Stop focusing on what your competition is doing, and instead focus on the things that you control. Potential clients need to understand what differentiates you from other people who do (approximately) what you do, and they will base those opinions on what they see, hear, and read. Your work can't just speak for itself—you need to give it context. You also need to create opportunities for buyers to get to know you and realize how well you fit with them and their projects.
The following steps show you how to present your creative business as an exciting alternative within your niche or local market, with the goal of helping clients to find, hire, and pay you for your creative work.
Step 1: Hone Your Creative Vision
Your business needs a marketable, repeatable approach to the work of being creative on demand. If you want more work, make your vision understandable for your potential clients:
- Identify what's most important to you as an artist. If you're a photographer, do you love capturing weather systems? Fashion? Theater?

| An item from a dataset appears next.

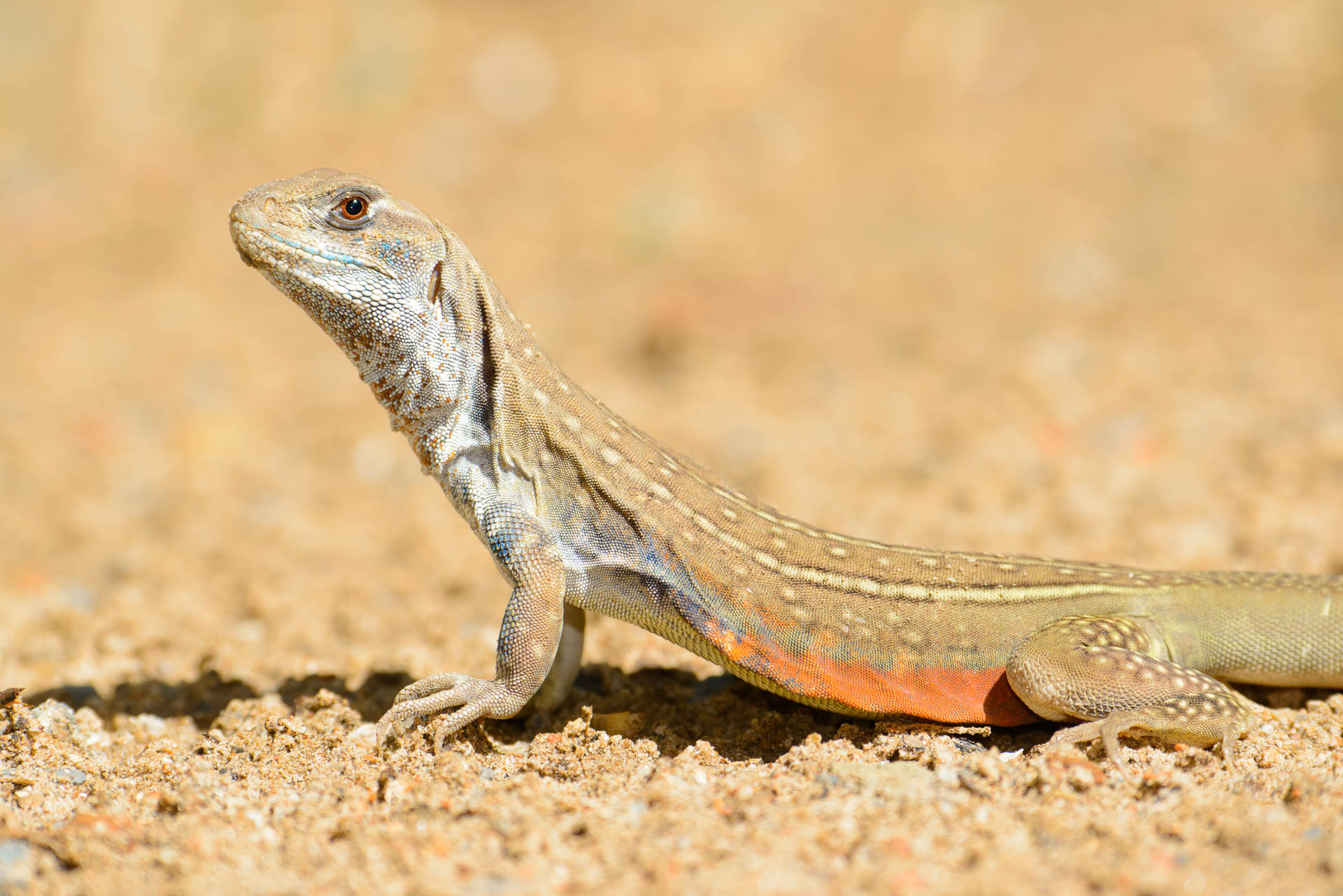 Eine Schmetterlingsagame liegt auf einem sandigen Boden.

- Clarify and describe your creative approach in words. A photographer's composition, point of view, use of light, focal length, and styling are all part of the approach. Condense that information in a way that will be understood by non-photographers who can pay you for that creativity.
- Make your creative vision a distinguishable visual theme across your work. Everything you show on your websites and in your portfolios should fit that theme.
Step 2: Document Your Process
To generate more revenue over time, you need to be able to repeat successful actions. Document the process by which you have moved clients successfully from first contact through a finished project. As you fine-tune this description and share it with prospects, you'll find that they become more comfortable earlier in the sales experience.
Step 3: Build Additional Value
In general, buyers feel that the pool of creative talent is quite deep. Therefore, you need to offer something that makes working with you especially beneficial to your potential clients. Look for ways in which you can exceed the call of duty and go beyond the creative work (without spending too much time or money), while making a notable impression on the client. Limousine pickup? A glass of wine? Online booking? What value can you offer that your competition doesn't? How can you make choosing you more enticing?
Step 4: Create Good Memories
Cheap prices and competency don't equal a lasting impression. Sincere conversation, laughter, pleasant surprises—experiences like these give people good feelings that live beyond the moment. Consider what you could change about your communication style or in your workflow to create special memories for clients.
Step 5: Develop an Auteur-Like Attitude
Creative work is a technical craft, but clients won't pay a premium for a button pusher. They want to buy brilliance, inspiration—creative "super-juice." Auteurs have a discernible vision that they can claim as their own. Think of film directors whose work consistently explores the same themes and ideas, regardless of cast, setting, or script. Make sure that your process documentation and your workflow reflect your unique vision.
Final Thoughts
If you want clients to be willing to pay for them, you must find the confidence to take control of your creative vision and process. Wrangling your artistic sensibilities is essential for making your creativity stand out in an increasingly noisy marketplace. After all, if you don't know what makes your work unique, how will potential clients be able to distinguish you from anyone else?